(Dataset content)
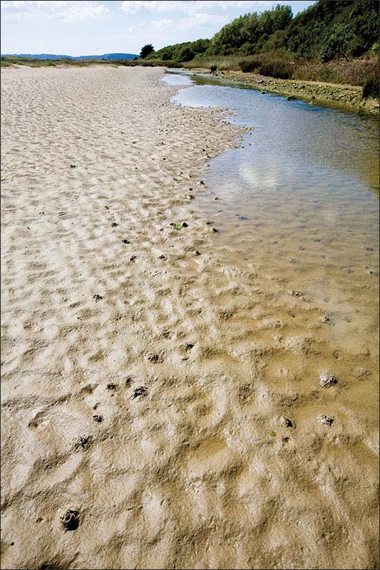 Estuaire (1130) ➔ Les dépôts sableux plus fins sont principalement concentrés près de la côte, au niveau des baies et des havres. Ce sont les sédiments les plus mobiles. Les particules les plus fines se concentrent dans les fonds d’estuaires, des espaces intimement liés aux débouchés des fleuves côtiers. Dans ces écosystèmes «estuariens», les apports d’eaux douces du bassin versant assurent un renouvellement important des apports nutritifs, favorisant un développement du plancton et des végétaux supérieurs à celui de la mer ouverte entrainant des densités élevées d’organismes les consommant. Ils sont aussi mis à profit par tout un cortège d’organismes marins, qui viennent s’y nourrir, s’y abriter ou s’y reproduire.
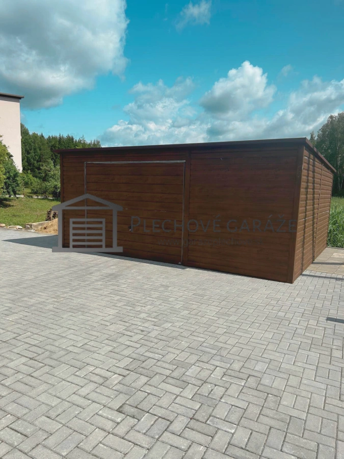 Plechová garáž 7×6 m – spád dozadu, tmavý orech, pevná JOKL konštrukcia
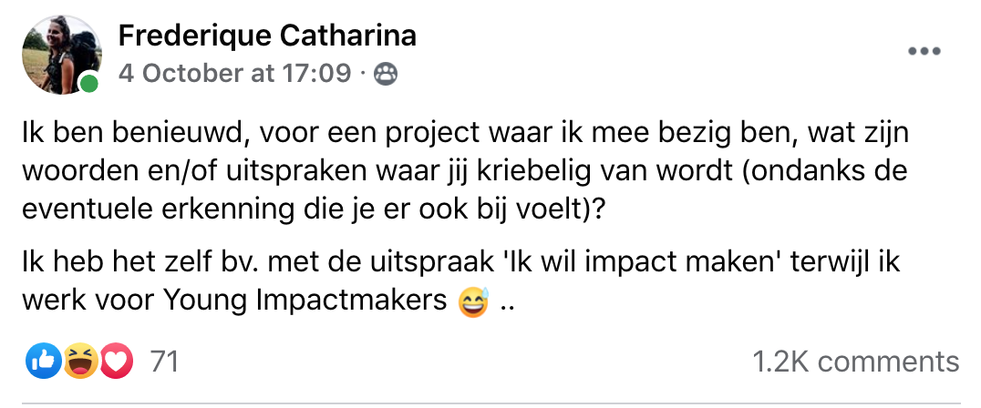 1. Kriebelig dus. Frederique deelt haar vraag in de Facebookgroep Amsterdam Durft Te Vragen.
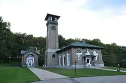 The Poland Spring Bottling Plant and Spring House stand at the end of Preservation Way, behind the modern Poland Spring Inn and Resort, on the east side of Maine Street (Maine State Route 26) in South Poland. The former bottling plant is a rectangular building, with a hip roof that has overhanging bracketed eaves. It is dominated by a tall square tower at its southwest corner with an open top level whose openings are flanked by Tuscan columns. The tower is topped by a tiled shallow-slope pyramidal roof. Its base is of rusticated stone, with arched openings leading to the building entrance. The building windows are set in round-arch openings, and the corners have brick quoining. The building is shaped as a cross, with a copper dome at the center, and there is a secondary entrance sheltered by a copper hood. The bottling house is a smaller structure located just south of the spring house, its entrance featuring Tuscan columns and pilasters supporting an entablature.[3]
(End Dataset content)
◆ Task to complete ◆
Please reproduce each line of the listing above exactly, skipping pictures.

◆ Answer for this exercise ◆
 Estuaire (1130) ➔ Les dépôts sableux plus fins sont principalement concentrés près de la côte, au niveau des baies et des havres. Ce sont les sédiments les plus mobiles. Les particules les plus fines se concentrent dans les fonds d’estuaires, des espaces intimement liés aux débouchés des fleuves côtiers. Dans ces écosystèmes «estuariens», les apports d’eaux douces du bassin versant assurent un renouvellement important des apports nutritifs, favorisant un développement du plancton et des végétaux supérieurs à celui de la mer ouverte entrainant des densités élevées d’organismes les consommant. Ils sont aussi mis à profit par tout un cortège d’organismes marins, qui viennent s’y nourrir, s’y abriter ou s’y reproduire.
 Plechová garáž 7×6 m – spád dozadu, tmavý orech, pevná JOKL konštrukcia
 1. Kriebelig dus. Frederique deelt haar vraag in de Facebookgroep Amsterdam Durft Te Vragen.
 The Poland Spring Bottling Plant and Spring House stand at the end of Preservation Way, behind the modern Poland Spring Inn and Resort, on the east side of Maine Street (Maine State Route 26) in South Poland. The former bottling plant is a rectangular building, with a hip roof that has overhanging bracketed eaves. It is dominated by a tall square tower at its southwest corner with an open top level whose openings are flanked by Tuscan columns. The tower is topped by a tiled shallow-slope pyramidal roof. Its base is of rusticated stone, with arched openings leading to the building entrance. The building windows are set in round-arch openings, and the corners have brick quoining. The building is shaped as a cross, with a copper dome at the center, and there is a secondary entrance sheltered by a copper hood. The bottling house is a smaller structure located just south of the spring house, its entrance featuring Tuscan columns and pilasters supporting an entablature.[3]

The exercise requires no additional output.